WORK TO BE COMPLETED - Repeat every record exactly, omitting the pictures.

RAW DATA -

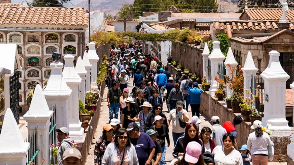 El dos de noviembre, conocido como el Día de los Muertos o Día de los Fieles Difuntos, se vive con profundo respeto y amor. Desde temprano, las familias cusqueñas se dirigen a los cementerios, especialmente al histórico Cementerio de la Almudena, para limpiar, adornar y cuidar las tumbas de sus seres queridos. Se colocan flores frescas, velas encendidas y panes decorados. Es común ver familias completas compartiendo alrededor de las tumbas, llevando alimentos, bebidas y música. Algunas personas contratan músicos que interpretan huaynos o canciones que les recuerdan momentos felices junto al difunto. De esta manera, el silencio del camposanto se llena de vida, risas y nostalgia.
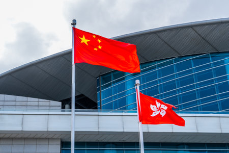 Flag Republic of China and Hong Kong Special Administrative region, the background of city buildings
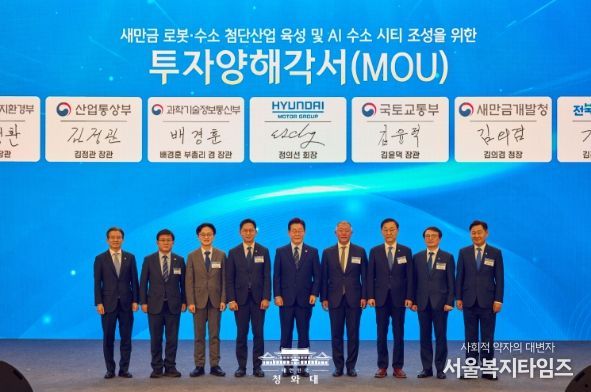 서울복지타임즈 이재연 기자 | 이재명 대통령은 27일 새만금 로봇·수소·AI 시티 투자 협약식에 참석해 "현대자동차그룹의 혁신 역량 그리고 풍부한 자원이 합쳐진다면 새만금은 최적의 시너지를 발휘하는 기회의 땅이 될 수 있을 것으로 믿는다"고 밝혔다.
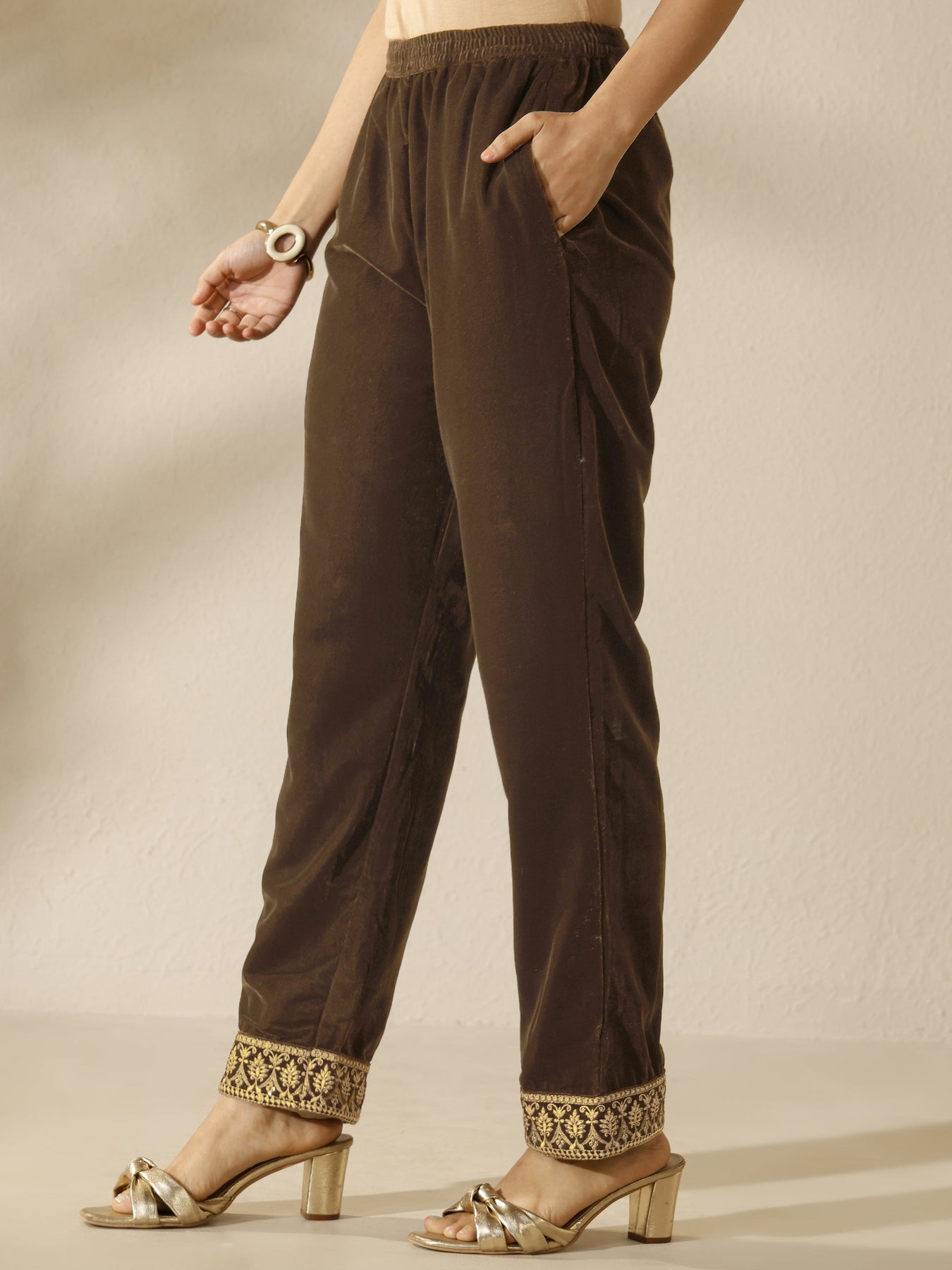 Our 3-piece brown velvet kurta set features a straight-fit design with a round neckline, regular sleeves, and statement yoke. Complemented with straight pants with a partially elasticated waistband and 2 pockets, and an embroidered dupatta. Adorned with ethnic motif woven design, this style is perfect for dark festive occasions.
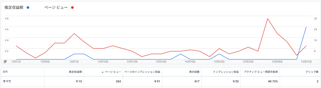実績 収益費用収支34円1,100円▲1,066円 ※サーバーレンタル料を月額で1,100円として計算しています。 大晦日の謎の収益 更新頻度が戻ったおかげか、ページビューが0の日がな…
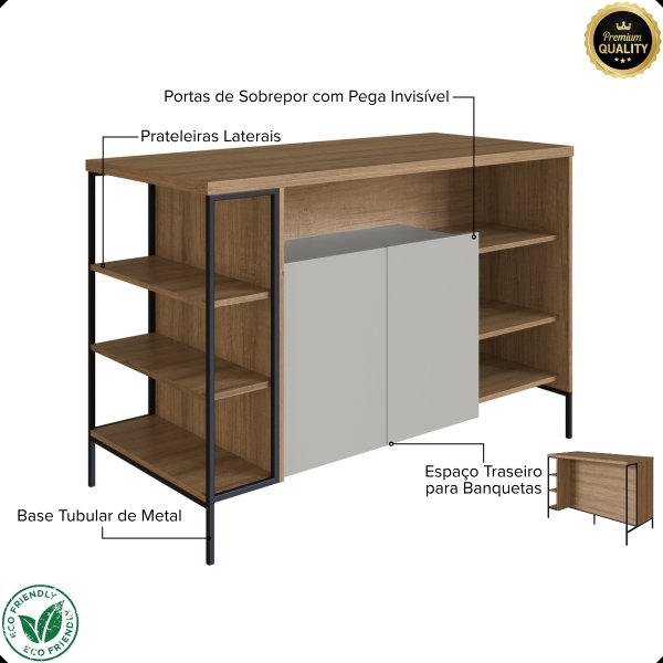 - Organize sua Cozinha: A bancada gourmet conta com um armário de 2 portas e 6 nichos laterais para utensílios e mantimentos.
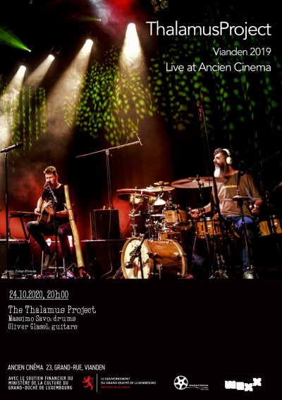 The Thalamus Project was founded in 1995 to produce music for theatre plays, movies, exhibitions and performances. For each of the projects, new material was developed and performed by individually composed lineups. The current program consists of songs, written in the last 20 years and now arranged for guitar, drums, didgeridoo and a loop machine. It is put on stage my Massimo SAVO (IT) and Oliver GLASSL (DE). The ThalamusProject will also present songs from their latest live-EP ThalamusProject, Vianden 2019, Live at Ancien Cinema which was recorded on our stage in January 2019.

WRITTEN REPLY -
 El dos de noviembre, conocido como el Día de los Muertos o Día de los Fieles Difuntos, se vive con profundo respeto y amor. Desde temprano, las familias cusqueñas se dirigen a los cementerios, especialmente al histórico Cementerio de la Almudena, para limpiar, adornar y cuidar las tumbas de sus seres queridos. Se colocan flores frescas, velas encendidas y panes decorados. Es común ver familias completas compartiendo alrededor de las tumbas, llevando alimentos, bebidas y música. Algunas personas contratan músicos que interpretan huaynos o canciones que les recuerdan momentos felices junto al difunto. De esta manera, el silencio del camposanto se llena de vida, risas y nostalgia.
 Flag Republic of China and Hong Kong Special Administrative region, the background of city buildings
 서울복지타임즈 이재연 기자 | 이재명 대통령은 27일 새만금 로봇·수소·AI 시티 투자 협약식에 참석해 "현대자동차그룹의 혁신 역량 그리고 풍부한 자원이 합쳐진다면 새만금은 최적의 시너지를 발휘하는 기회의 땅이 될 수 있을 것으로 믿는다"고 밝혔다.
 Our 3-piece brown velvet kurta set features a straight-fit design with a round neckline, regular sleeves, and statement yoke. Complemented with straight pants with a partially elasticated waistband and 2 pockets, and an embroidered dupatta. Adorned with ethnic motif woven design, this style is perfect for dark festive occasions.
実績 収益費用収支34円1,100円▲1,066円 ※サーバーレンタル料を月額で1,100円として計算しています。 大晦日の謎の収益 更新頻度が戻ったおかげか、ページビューが0の日がな…
 - Organize sua Cozinha: A bancada gourmet conta com um armário de 2 portas e 6 nichos laterais para utensílios e mantimentos.
 The Thalamus Project was founded in 1995 to produce music for theatre plays, movies, exhibitions and performances. For each of the projects, new material was developed and performed by individually composed lineups. The current program consists of songs, written in the last 20 years and now arranged for guitar, drums, didgeridoo and a loop machine. It is put on stage my Massimo SAVO (IT) and Oliver GLASSL (DE). The ThalamusProject will also present songs from their latest live-EP ThalamusProject, Vianden 2019, Live at Ancien Cinema which was recorded on our stage in January 2019.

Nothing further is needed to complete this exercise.